» Prompt
From the line containing "九年級-羅商到校宣導活動" down to the last line of the material, output each line exactly as it appears, excluding pictures.

[Supplied material Boundary: Start]

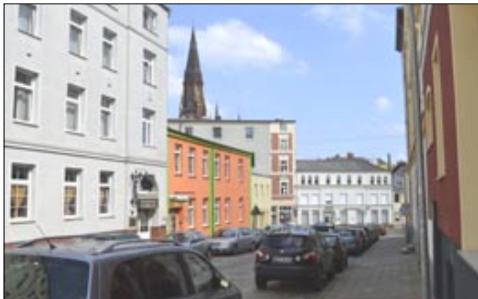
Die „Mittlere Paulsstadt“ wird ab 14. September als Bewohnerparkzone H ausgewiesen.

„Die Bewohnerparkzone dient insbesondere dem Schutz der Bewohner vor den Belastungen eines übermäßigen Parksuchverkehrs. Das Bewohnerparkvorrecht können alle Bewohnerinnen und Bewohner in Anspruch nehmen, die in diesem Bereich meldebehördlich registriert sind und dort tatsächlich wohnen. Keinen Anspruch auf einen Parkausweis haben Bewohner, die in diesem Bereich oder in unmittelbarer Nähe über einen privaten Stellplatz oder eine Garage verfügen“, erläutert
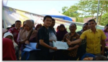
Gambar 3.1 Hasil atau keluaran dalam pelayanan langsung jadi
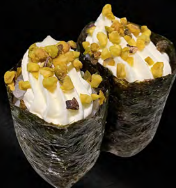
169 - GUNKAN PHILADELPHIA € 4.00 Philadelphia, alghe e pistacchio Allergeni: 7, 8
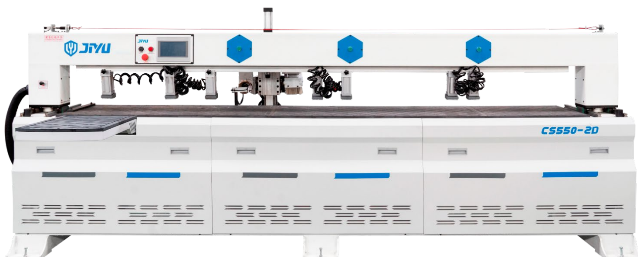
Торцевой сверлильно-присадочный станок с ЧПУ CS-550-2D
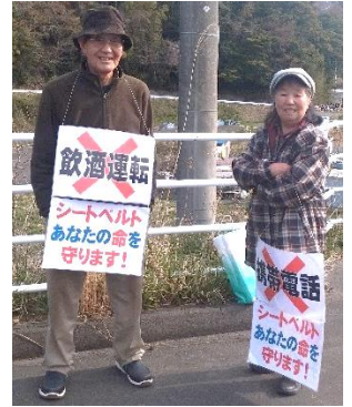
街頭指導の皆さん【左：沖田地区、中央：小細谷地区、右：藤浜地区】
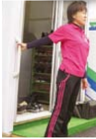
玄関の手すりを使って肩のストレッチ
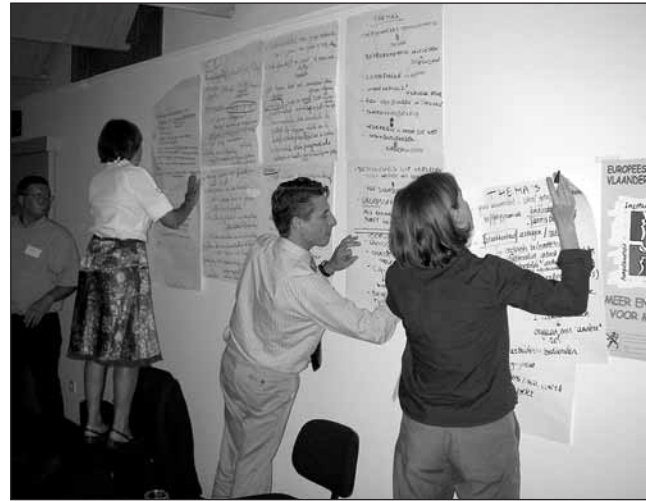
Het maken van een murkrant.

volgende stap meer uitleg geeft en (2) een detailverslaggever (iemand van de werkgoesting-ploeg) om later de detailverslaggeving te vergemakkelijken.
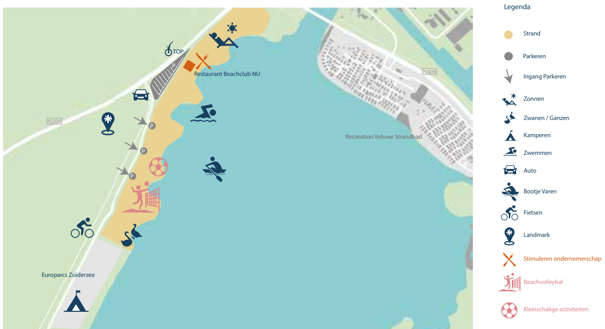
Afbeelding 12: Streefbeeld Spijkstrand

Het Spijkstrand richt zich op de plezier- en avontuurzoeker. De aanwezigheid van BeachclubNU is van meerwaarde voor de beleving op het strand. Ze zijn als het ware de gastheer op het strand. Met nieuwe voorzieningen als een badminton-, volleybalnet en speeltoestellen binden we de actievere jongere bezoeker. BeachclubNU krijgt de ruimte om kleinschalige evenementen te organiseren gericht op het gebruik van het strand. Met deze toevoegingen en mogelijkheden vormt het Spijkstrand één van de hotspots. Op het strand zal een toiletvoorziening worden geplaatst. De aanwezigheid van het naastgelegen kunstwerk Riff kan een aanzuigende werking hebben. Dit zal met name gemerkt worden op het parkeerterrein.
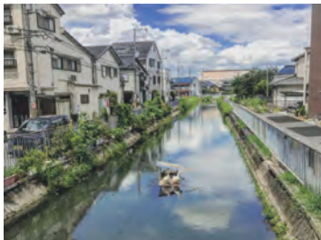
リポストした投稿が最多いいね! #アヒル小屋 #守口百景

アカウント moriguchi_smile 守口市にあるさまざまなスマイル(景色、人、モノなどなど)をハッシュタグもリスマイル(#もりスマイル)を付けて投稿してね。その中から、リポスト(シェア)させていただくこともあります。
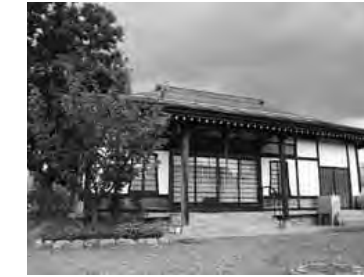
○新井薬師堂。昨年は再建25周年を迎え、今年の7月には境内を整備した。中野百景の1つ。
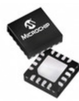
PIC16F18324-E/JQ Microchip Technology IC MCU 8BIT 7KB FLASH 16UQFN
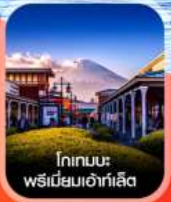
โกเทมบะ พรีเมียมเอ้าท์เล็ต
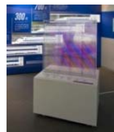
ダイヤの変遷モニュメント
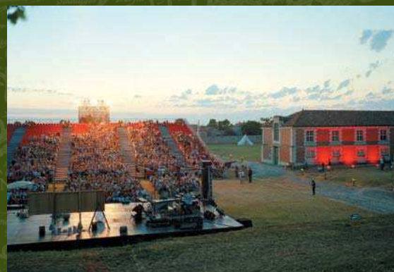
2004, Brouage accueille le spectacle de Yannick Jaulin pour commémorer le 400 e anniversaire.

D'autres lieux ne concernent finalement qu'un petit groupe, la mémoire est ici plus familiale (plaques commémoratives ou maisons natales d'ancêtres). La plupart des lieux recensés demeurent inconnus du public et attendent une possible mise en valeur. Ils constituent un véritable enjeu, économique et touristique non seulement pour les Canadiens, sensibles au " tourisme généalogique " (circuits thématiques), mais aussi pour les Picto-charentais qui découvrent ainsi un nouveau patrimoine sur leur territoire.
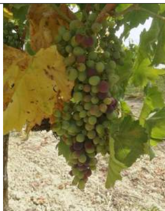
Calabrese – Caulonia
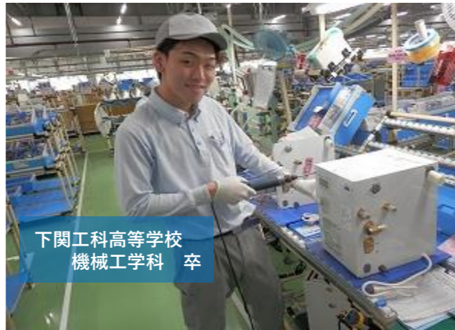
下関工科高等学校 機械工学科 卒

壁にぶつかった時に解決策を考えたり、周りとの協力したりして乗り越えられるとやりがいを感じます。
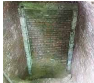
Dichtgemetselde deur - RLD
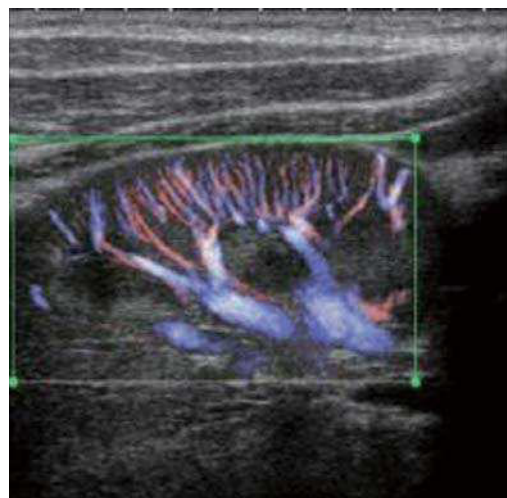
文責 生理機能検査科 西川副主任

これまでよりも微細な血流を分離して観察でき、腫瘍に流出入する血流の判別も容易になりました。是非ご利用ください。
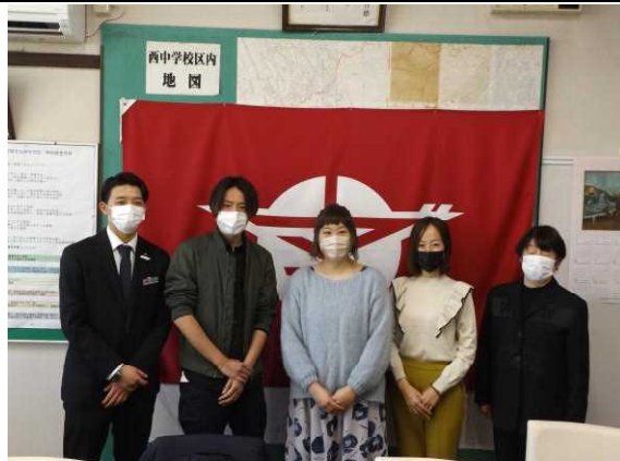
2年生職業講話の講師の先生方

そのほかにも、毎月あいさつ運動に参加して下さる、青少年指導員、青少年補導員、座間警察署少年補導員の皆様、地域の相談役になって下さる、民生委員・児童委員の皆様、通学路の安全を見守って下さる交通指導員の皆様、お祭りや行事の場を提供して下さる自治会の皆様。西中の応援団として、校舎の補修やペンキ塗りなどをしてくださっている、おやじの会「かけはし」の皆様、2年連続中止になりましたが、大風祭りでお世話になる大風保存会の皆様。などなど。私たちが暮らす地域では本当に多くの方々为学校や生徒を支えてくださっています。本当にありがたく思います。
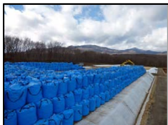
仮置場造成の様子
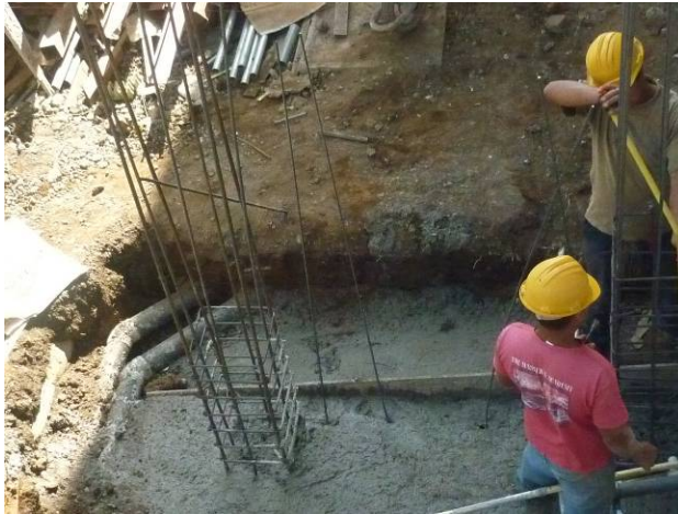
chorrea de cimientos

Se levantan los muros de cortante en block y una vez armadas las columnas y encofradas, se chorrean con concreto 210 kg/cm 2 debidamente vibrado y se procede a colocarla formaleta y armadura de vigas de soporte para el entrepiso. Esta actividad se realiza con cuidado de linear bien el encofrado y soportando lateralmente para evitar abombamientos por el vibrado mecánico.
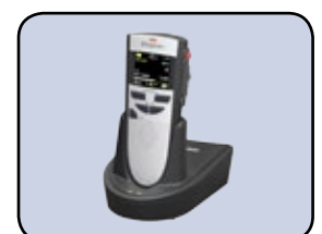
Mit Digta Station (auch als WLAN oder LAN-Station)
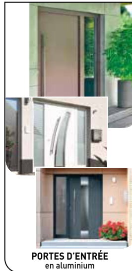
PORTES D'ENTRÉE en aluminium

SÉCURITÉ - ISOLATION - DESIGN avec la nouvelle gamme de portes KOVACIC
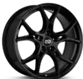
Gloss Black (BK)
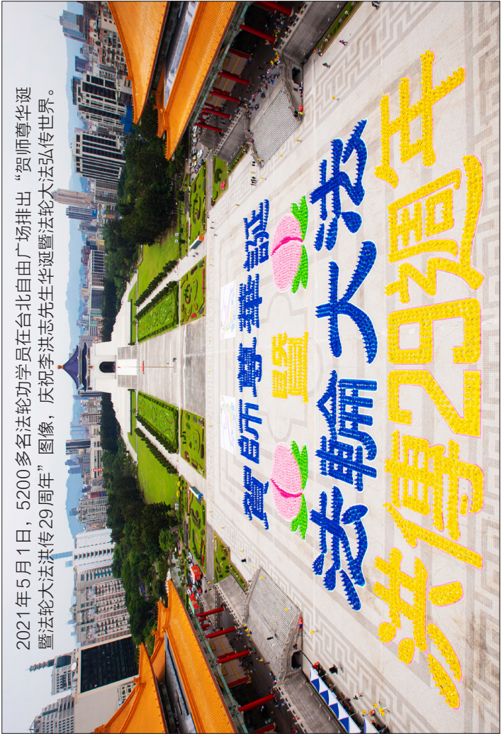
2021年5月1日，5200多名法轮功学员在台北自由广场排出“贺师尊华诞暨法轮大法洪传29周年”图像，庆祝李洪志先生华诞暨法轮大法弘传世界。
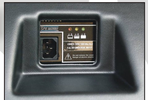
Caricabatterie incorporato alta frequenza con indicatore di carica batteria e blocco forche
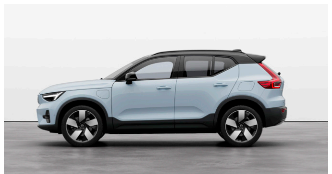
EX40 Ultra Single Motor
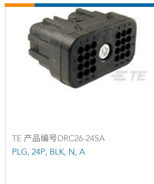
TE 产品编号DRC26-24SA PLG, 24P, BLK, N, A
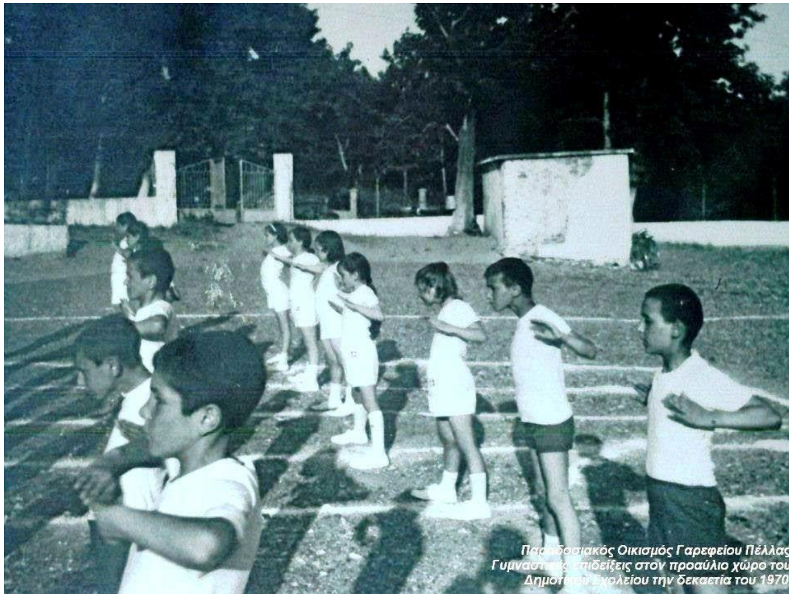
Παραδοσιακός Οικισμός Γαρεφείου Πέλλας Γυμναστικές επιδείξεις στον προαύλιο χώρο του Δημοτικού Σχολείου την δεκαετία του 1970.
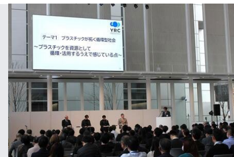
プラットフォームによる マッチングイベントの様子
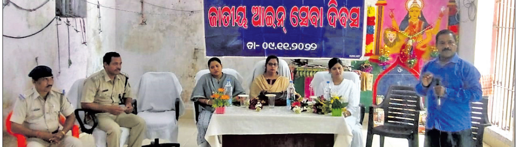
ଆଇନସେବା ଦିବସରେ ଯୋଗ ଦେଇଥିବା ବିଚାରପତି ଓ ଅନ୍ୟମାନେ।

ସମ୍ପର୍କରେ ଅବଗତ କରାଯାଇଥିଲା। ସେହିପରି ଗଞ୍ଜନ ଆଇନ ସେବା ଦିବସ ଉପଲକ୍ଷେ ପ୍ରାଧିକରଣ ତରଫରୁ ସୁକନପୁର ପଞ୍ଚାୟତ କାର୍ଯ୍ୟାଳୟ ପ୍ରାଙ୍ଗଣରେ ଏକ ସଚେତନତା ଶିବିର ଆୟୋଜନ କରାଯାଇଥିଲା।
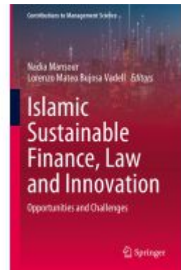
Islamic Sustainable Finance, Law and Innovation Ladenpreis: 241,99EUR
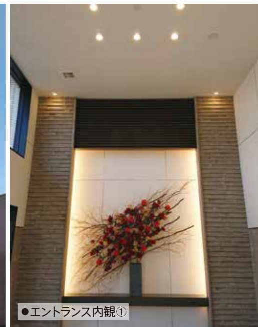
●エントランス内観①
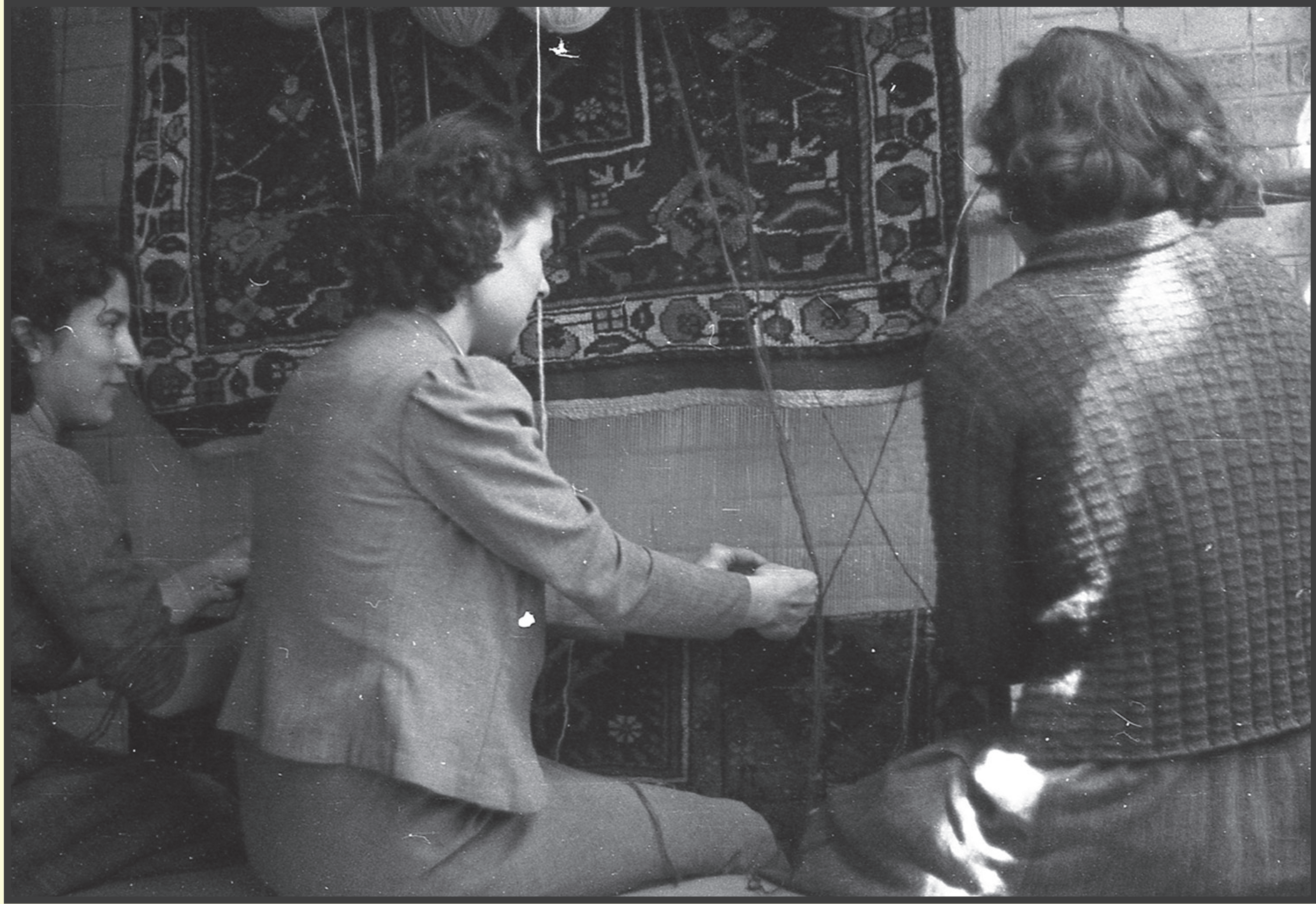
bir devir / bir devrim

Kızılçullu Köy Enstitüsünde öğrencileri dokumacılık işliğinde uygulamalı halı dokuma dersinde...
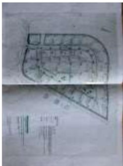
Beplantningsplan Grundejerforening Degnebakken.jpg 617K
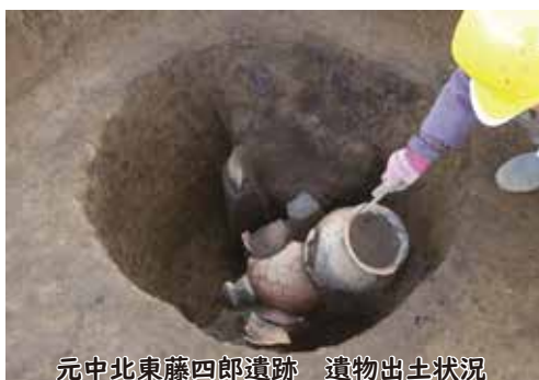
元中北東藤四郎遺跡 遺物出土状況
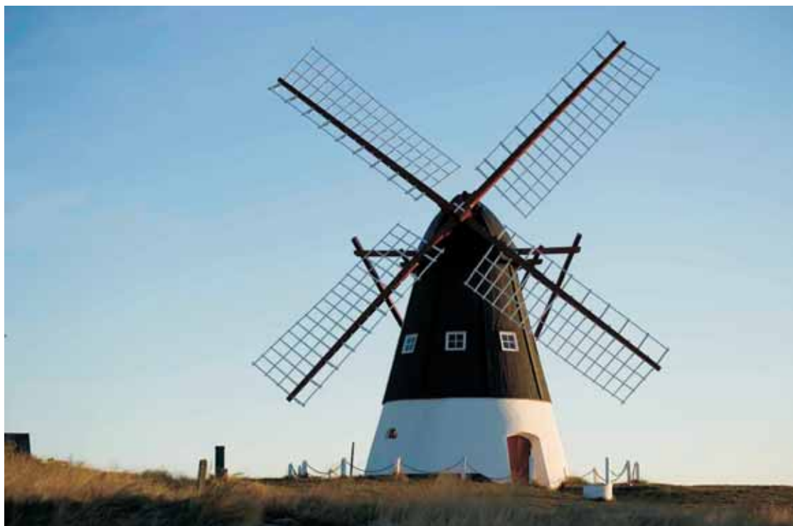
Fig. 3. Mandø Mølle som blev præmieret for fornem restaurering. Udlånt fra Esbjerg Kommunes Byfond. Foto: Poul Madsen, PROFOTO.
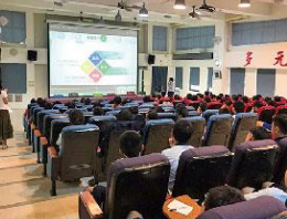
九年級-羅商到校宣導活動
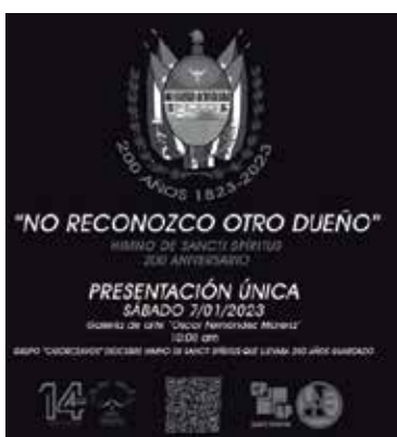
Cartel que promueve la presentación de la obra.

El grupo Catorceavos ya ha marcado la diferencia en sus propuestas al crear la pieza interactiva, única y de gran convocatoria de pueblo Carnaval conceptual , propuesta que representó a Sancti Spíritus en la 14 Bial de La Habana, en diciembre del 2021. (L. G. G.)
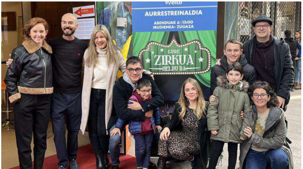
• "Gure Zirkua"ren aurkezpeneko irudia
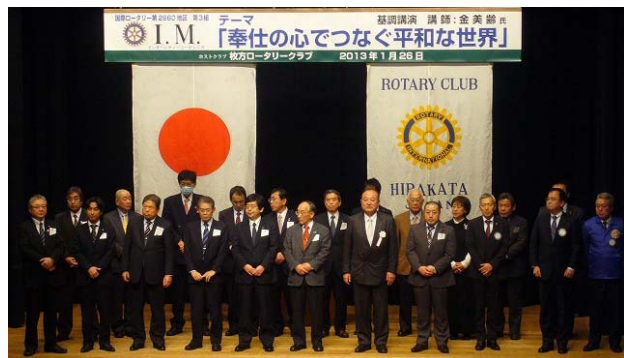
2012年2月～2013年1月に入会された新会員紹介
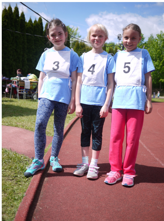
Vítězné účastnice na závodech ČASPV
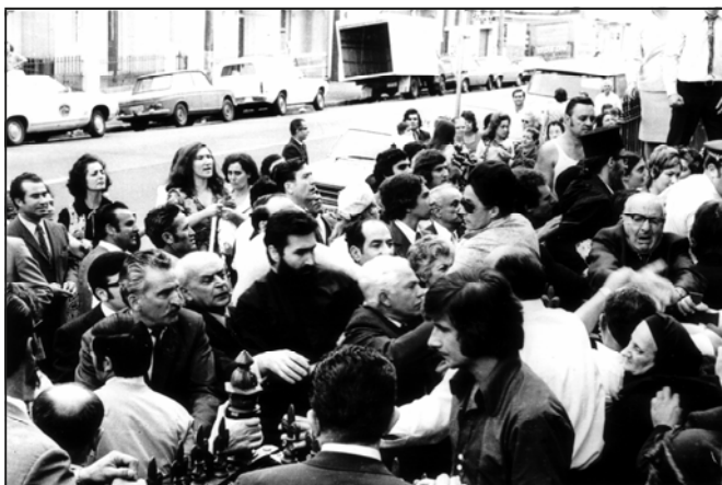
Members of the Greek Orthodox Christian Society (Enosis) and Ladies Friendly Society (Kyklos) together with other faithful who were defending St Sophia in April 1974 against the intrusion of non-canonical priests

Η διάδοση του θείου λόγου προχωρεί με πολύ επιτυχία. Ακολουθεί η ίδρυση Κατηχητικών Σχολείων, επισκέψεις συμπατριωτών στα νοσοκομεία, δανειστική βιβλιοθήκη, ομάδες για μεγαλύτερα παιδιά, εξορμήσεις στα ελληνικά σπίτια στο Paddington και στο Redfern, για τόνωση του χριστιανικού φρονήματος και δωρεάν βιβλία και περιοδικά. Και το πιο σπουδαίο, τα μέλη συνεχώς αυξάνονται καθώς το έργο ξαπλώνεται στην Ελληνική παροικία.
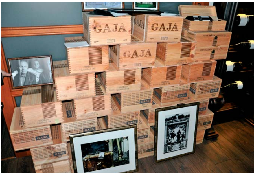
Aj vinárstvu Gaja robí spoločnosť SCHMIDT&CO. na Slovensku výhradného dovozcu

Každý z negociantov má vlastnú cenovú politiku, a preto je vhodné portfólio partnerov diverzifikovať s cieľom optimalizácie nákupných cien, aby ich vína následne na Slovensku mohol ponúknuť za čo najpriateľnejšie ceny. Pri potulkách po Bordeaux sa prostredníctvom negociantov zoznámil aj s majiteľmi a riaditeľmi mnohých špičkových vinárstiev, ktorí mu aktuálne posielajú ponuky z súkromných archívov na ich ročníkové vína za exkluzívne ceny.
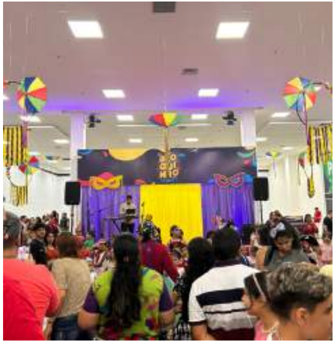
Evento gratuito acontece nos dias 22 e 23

[Supplied material Boundary: End]

» Written response
九年級-羅商到校宣導活動
Cartel que promueve la presentación de la obra.

El grupo Catorceavos ya ha marcado la diferencia en sus propuestas al crear la pieza interactiva, única y de gran convocatoria de pueblo Carnaval conceptual , propuesta que representó a Sancti Spíritus en la 14 Bial de La Habana, en diciembre del 2021. (L. G. G.)
• "Gure Zirkua"ren aurkezpeneko irudia
2012年2月～2013年1月に入会された新会員紹介
Vítězné účastnice na závodech ČASPV
Members of the Greek Orthodox Christian Society (Enosis) and Ladies Friendly Society (Kyklos) together with other faithful who were defending St Sophia in April 1974 against the intrusion of non-canonical priests

Η διάδοση του θείου λόγου προχωρεί με πολύ επιτυχία. Ακολουθεί η ίδρυση Κατηχητικών Σχολείων, επισκέψεις συμπατριωτών στα νοσοκομεία, δανειστική βιβλιοθήκη, ομάδες για μεγαλύτερα παιδιά, εξορμήσεις στα ελληνικά σπίτια στο Paddington και στο Redfern, για τόνωση του χριστιανικού φρονήματος και δωρεάν βιβλία και περιοδικά. Και το πιο σπουδαίο, τα μέλη συνεχώς αυξάνονται καθώς το έργο ξαπλώνεται στην Ελληνική παροικία.
Aj vinárstvu Gaja robí spoločnosť SCHMIDT&CO. na Slovensku výhradného dovozcu

Každý z negociantov má vlastnú cenovú politiku, a preto je vhodné portfólio partnerov diverzifikovať s cieľom optimalizácie nákupných cien, aby ich vína následne na Slovensku mohol ponúknuť za čo najpriateľnejšie ceny. Pri potulkách po Bordeaux sa prostredníctvom negociantov zoznámil aj s majiteľmi a riaditeľmi mnohých špičkových vinárstiev, ktorí mu aktuálne posielajú ponuky z súkromných archívov na ich ročníkové vína za exkluzívne ceny.
Evento gratuito acontece nos dias 22 e 23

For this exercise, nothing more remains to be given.